Linux AIO sucks less

Posted by Christopher Smith Sun, 30 Mar 2008 16:11:00 GMT

So, the last little while on the Zumastor project, I’ve been working on integrating AIO in to the code base in order to absorb some of the latency penalty that we experience from disk seeks.

Critical for this was getting AIO to work with poll(2), because the ddsnapd daemon follows the tried-and-true “poll then do something” loop that allows for efficient, scalable, and relatively simple Unix server design. Unfortunately (or fortunately, if you are familiar with POSIX ;-), Linux’s native AIO doesn’t follow the POSIX AIO spec, and instead implements it’s own event queue for notification of completion of IO operations. This event queue isn’t exposed as a file, so you can’t poll it. So, I hacked together a library that spawns a separate thread which does nothing but read in events and copy them out to a pipe, so that the main thread can poll said pipe just like any other file descriptor. Ugly? Yes. Wasteful? Yes. Easier to work with than the apparent alternatives? Yes.

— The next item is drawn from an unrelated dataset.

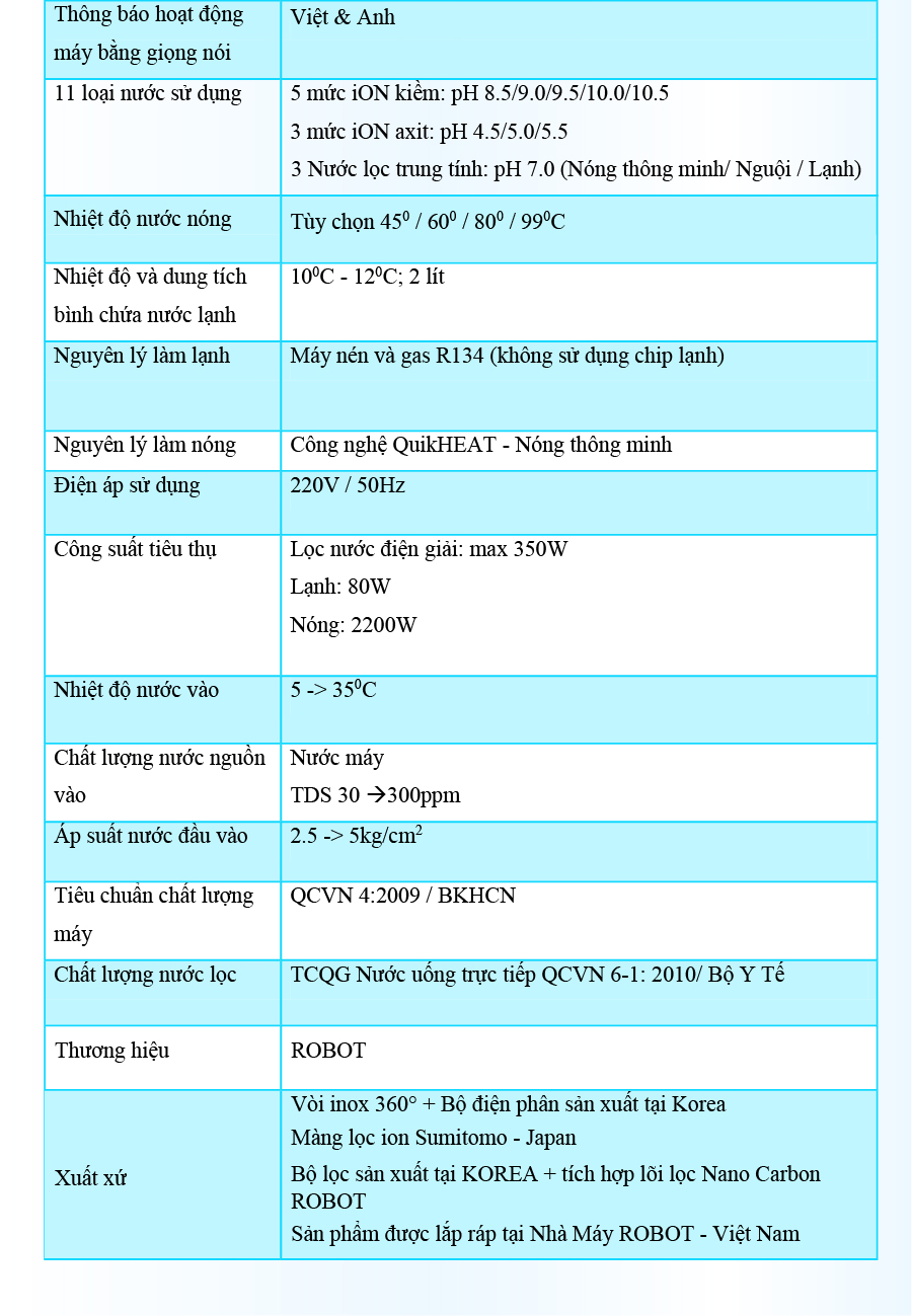 - Và 3 mức nước iON axit (pH 4.5/5.0/5.5). Chất lượng nước đạt chỉ số tối ưu, nồng độ Hydro hoạt tính lên đến ~ 800 -> 950 ppb, chống oxy hóa (ORP) lên đến ~ -400 -> -600 mV, đáp ứng mọi nhu cầu sử dụng trong cuộc sống. Máy lọc nước điện giải iON kiềm Nóng Lạnh ROBOT ionQueen là dòng Để Bàn đầu tiên trên thế giới, được thiết kế kiểu dáng hiện đại, thiết kế chinh phục mọi không gian. Đặc biệt, được tích hợp thêm chức năng Nóng Thông Minh – Lạnh độc đáo & duy nhất trên thị trường, mang lại nhiều tiện ích cho người dùng. Chỉ số Hydrogen, ORP của nước tùy thuộc số tấm điện cực, đặc tính nguồn nước & “điều kiện đo trong phòng thí nghiệm chuyên nghiệp, đạt chuẩn”. Máy lọc nước điện giải iON kiềm Nóng Lạnh ROBOT ionQueen 711, tạo 11 loại nước bổ ích, pH 4.5 ---> 10.5 - Đáp ứng mọi nhu cầu trong cuộc sống Có thể tham khảo ý kiến của Bác sĩ hoặc chuyên gia dinh dưỡng để được hướng dẫn loại nước uống phù hợp nhất cho cơ thể. Kiểu dáng hiện đại - Thiết kế chinh phục mọi không gian ● Kiểu dáng để bàn, khác biệt so với các dòng điện giải khác ● Sử dụng linh hoạt cho mọi không gian ● Vòi nước điện giải xoay 360° ● Hệ thống điều khiển cảm ứng trên mặt phủ kính với màn hình LCD tinh tế Với mong muốn nhiều gia đình Việt có thể sử dụng nước điện giải iON kiềm với chi phí hợp lý để bảo vệ sức khỏe, sắc đẹp & nâng cao chất lượng cuộc sống, ROBOT mang đến sản phẩm “Chất lượng Quốc tế - Giá thành Việt Nam”, phù hợp với mức sống của nhiều người. Tiết kiệm cho người tiêu dùng đến hơn một nửa chí phí so với máy nhập khẩu chỉ từ 30 – 50%, nhưng sở hữu nhiều ưu điểm, tính năng vượt trội, chất lượng cao. Chế độ bảo hành chính hãng, tận nơi, vật tư và linh kiện, lõi lọc luôn có sẵn hạn chế tối đa chi phí sửa chữa, bảo trì. VĐV Cầu Lông Nguyễn Tiến Minh – tay vợt từng đứng Top 5 Thế Giới chia sẻ: Sau một thời gian sử dụng Máy lọc nước điện giải iON kiềm Minh thấy cải thiện sức khỏe rất nhiều và tốc độ hồi phục sau tập luyện, thi đấu cũng nhanh hơn so với trước đây. Bây giờ mỗi khi đi tập, hay khi đi thi đấu, Minh đều mang theo nước iON kiềm để uống. ROBOT là một thương hiệu Việt Nam uy tín nên Minh hoàn toàn tin tưởng và lựa chọn Máy lọc nước điện giải iON kiềm ROBOT. ️Thông Tin Thương Hiệu CÔNG TY CỔ PHẦN ĐẦU TƯ ROBOT

I got most of the way through the process. I discovered what appears to be some kind of race condition in AIO where the vast majority of the time I was losing completion events if I submitted multiple IO requests at once. I still haven’t tracked it down, but while looking for possible sources of the problem, I discovered a heretofore unknown (well, by those of us on the project at least) syscall: eventfd(2).

eventfd does for AIO what signalfd(2) does for signals. In other words: it does the obvious thing that we wanted in the first place but were too mentally challenged to find. The moral of the story: even if you think a Linux API (AIO in this case) sucks, expect it to suck less, and question why when it doesn’t.